■ Task to carry out
Output every entry exactly as written, skipping any pictures.

(Given entries)

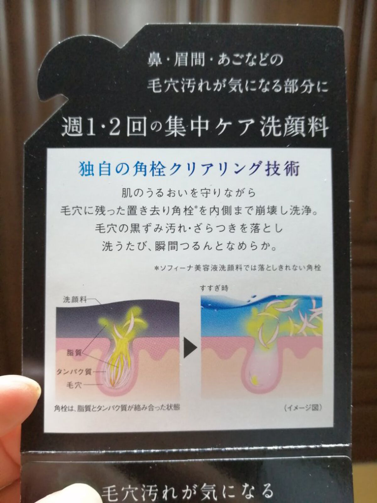 - なかなか落としきれない置き去り角栓*を内側まで崩壊し洗浄する、週1・2回の集中ケア洗顔料。 毛穴の黒ずみ汚れ・ざらつきを落とし、洗うたび、瞬間つるん。 ●肌のうるおいを守る、美容成分配合(保湿:キハダ樹皮エキス、マンニトール、トレハロース) ●キレイが弾ける、クリアオーシャンエナジーの香り ●鼻・頬・あごなどの毛穴汚れが気になる部分に週1・2回を目安に。 *ソフィーナ美容液洗顔料では落としきれない角栓
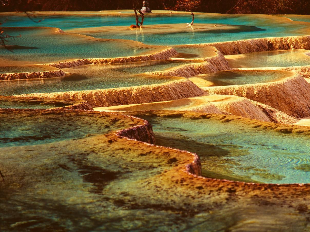 黄龙景区以彩池、雪山、峡谷、森林四大景观著称,还有古寺、藏族风情和多处飞瀑流泉。其彩池是黄龙景区最具代表性的景观之一,大大小小的彩池数目众多,形态各异,犹如巨龙身上的龙鳞,被誉为“黄龙彩池”。
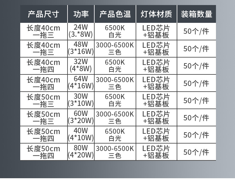 • 3 색 3*20W (1 드래그 3) 50cm
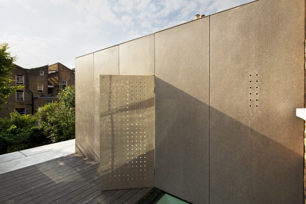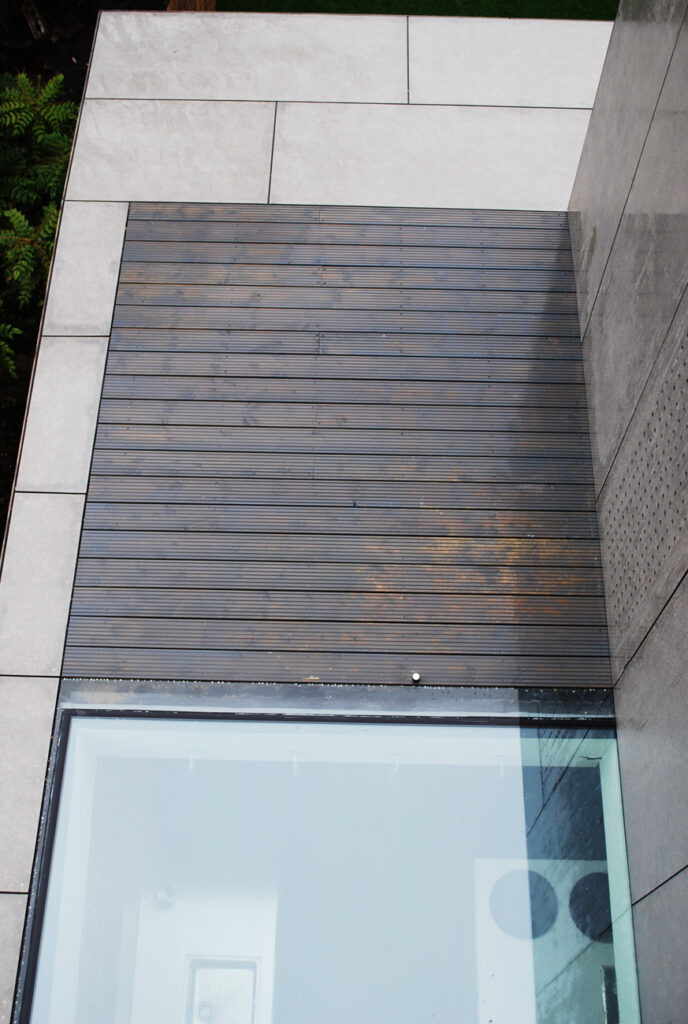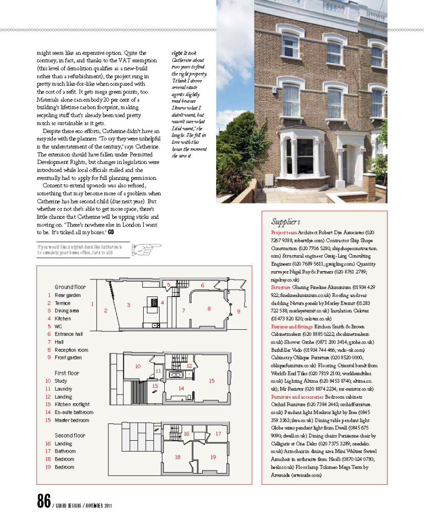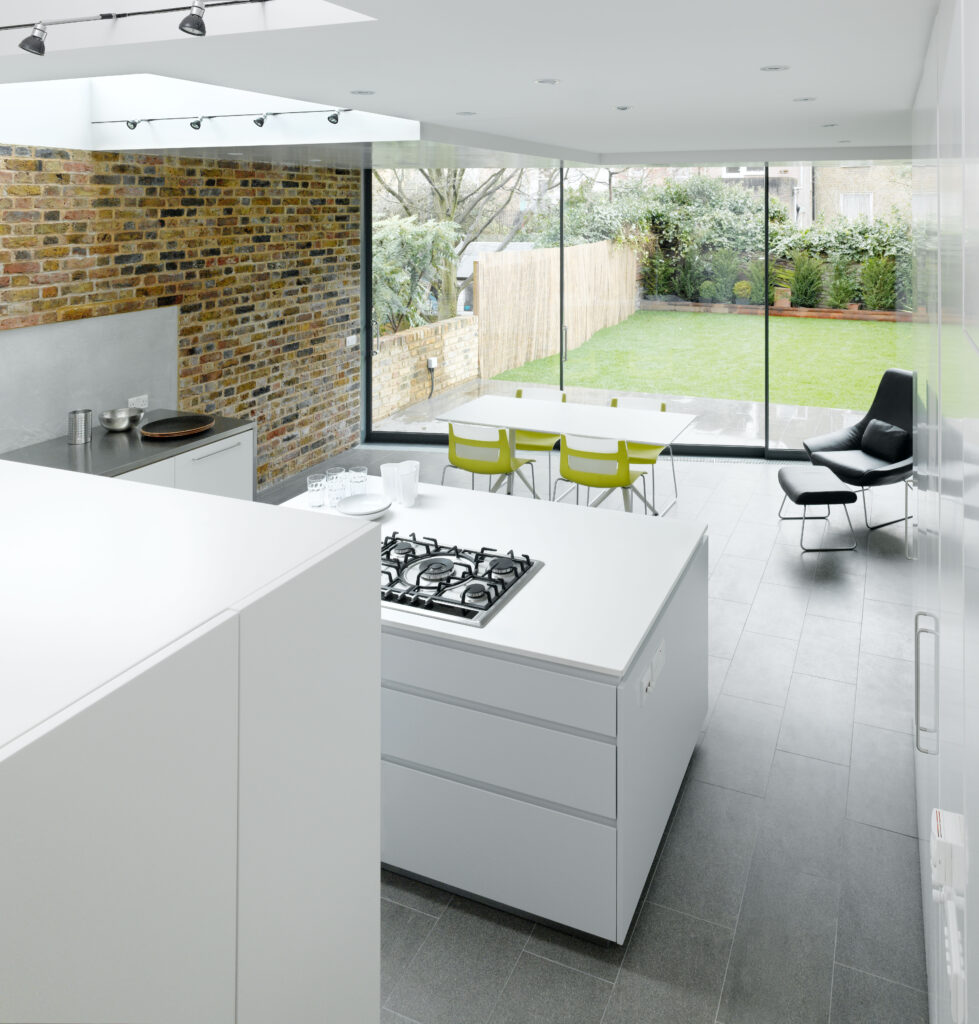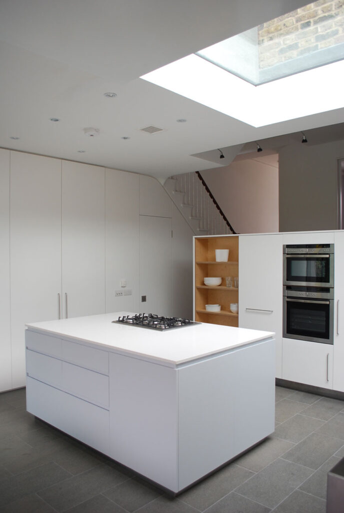 The finished building is a modern two storey re-build and expansion which for planning reasons follows the outline of the demolished original at the rear upper storeys, side and street front. On the rear ‘extension’, recycled brick side walls grip modern open-plan living space, wrapped up and over by artificial-slate walls and roofs. These extrusions bear the new faces to the garden – fully glazed at both levels. Sliding doors to the garden are strategically inflected at an angle in plan, focusing the view towards the church spire in the urban gap at the end of the surrounding gardens. Skylights in all the roofs economically target light deep into the house.
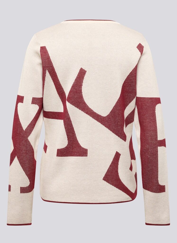 Ein echter Hingucker: Dieser Feinstrickpullover überzeugt mit seinem großflächig platzierten Buchstabenmotiv im Kontrast-Look. Der feminine Schnitt mit leicht taillierter Silhouette und die feine Qualität sorgen für angenehmen Tragekomfort. Die schmalen Kontrastkanten an Ausschnitt, Ärmeln und Saum setzen stilvolle Akzente und runden das Design modern ab. Feinstrick mit weichem Griff. Rundhalsausschnitt mit Kontrastkante. Auffälliges Buchstabenmotiv. Langarm mit schmalem Abschluss. Leicht taillierte Passform. Dekorative Strasssteine.
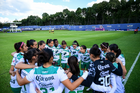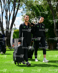 Ciudad de México, 11 de octubre de 2025. Jugadoras de Santos femenil, durante el partido correspondiente a la jornada 15 del torneo Apertura 2025 de la Liga BBVA MX Femenil, entre la Máquina Celeste del Cruz Azul y las Guerreras de Santos Laguna, realizado en La Noria. Foto: Imago7/ Alexis Chavez
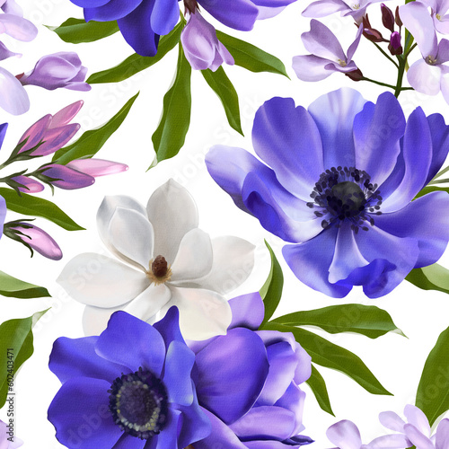 © Olga.And.Design, Fototapeta premium Floral seamless pattern on transparent background. Watercolor illustration with garden white, lilac wild flowers, tropical leaf. Botanic Template design for print, interior, invitation, wallpaper

(End Given entries)

■ Answer to this problem
 - なかなか落としきれない置き去り角栓*を内側まで崩壊し洗浄する、週1・2回の集中ケア洗顔料。 毛穴の黒ずみ汚れ・ざらつきを落とし、洗うたび、瞬間つるん。 ●肌のうるおいを守る、美容成分配合(保湿:キハダ樹皮エキス、マンニトール、トレハロース) ●キレイが弾ける、クリアオーシャンエナジーの香り ●鼻・頬・あごなどの毛穴汚れが気になる部分に週1・2回を目安に。 *ソフィーナ美容液洗顔料では落としきれない角栓
 黄龙景区以彩池、雪山、峡谷、森林四大景观著称,还有古寺、藏族风情和多处飞瀑流泉。其彩池是黄龙景区最具代表性的景观之一,大大小小的彩池数目众多,形态各异,犹如巨龙身上的龙鳞,被誉为“黄龙彩池”。
 • 3 색 3*20W (1 드래그 3) 50cm
 The finished building is a modern two storey re-build and expansion which for planning reasons follows the outline of the demolished original at the rear upper storeys, side and street front. On the rear ‘extension’, recycled brick side walls grip modern open-plan living space, wrapped up and over by artificial-slate walls and roofs. These extrusions bear the new faces to the garden – fully glazed at both levels. Sliding doors to the garden are strategically inflected at an angle in plan, focusing the view towards the church spire in the urban gap at the end of the surrounding gardens. Skylights in all the roofs economically target light deep into the house.
 Ein echter Hingucker: Dieser Feinstrickpullover überzeugt mit seinem großflächig platzierten Buchstabenmotiv im Kontrast-Look. Der feminine Schnitt mit leicht taillierter Silhouette und die feine Qualität sorgen für angenehmen Tragekomfort. Die schmalen Kontrastkanten an Ausschnitt, Ärmeln und Saum setzen stilvolle Akzente und runden das Design modern ab. Feinstrick mit weichem Griff. Rundhalsausschnitt mit Kontrastkante. Auffälliges Buchstabenmotiv. Langarm mit schmalem Abschluss. Leicht taillierte Passform. Dekorative Strasssteine.
 Ciudad de México, 11 de octubre de 2025. Jugadoras de Santos femenil, durante el partido correspondiente a la jornada 15 del torneo Apertura 2025 de la Liga BBVA MX Femenil, entre la Máquina Celeste del Cruz Azul y las Guerreras de Santos Laguna, realizado en La Noria. Foto: Imago7/ Alexis Chavez
 © Olga.And.Design, Fototapeta premium Floral seamless pattern on transparent background. Watercolor illustration with garden white, lilac wild flowers, tropical leaf. Botanic Template design for print, interior, invitation, wallpaper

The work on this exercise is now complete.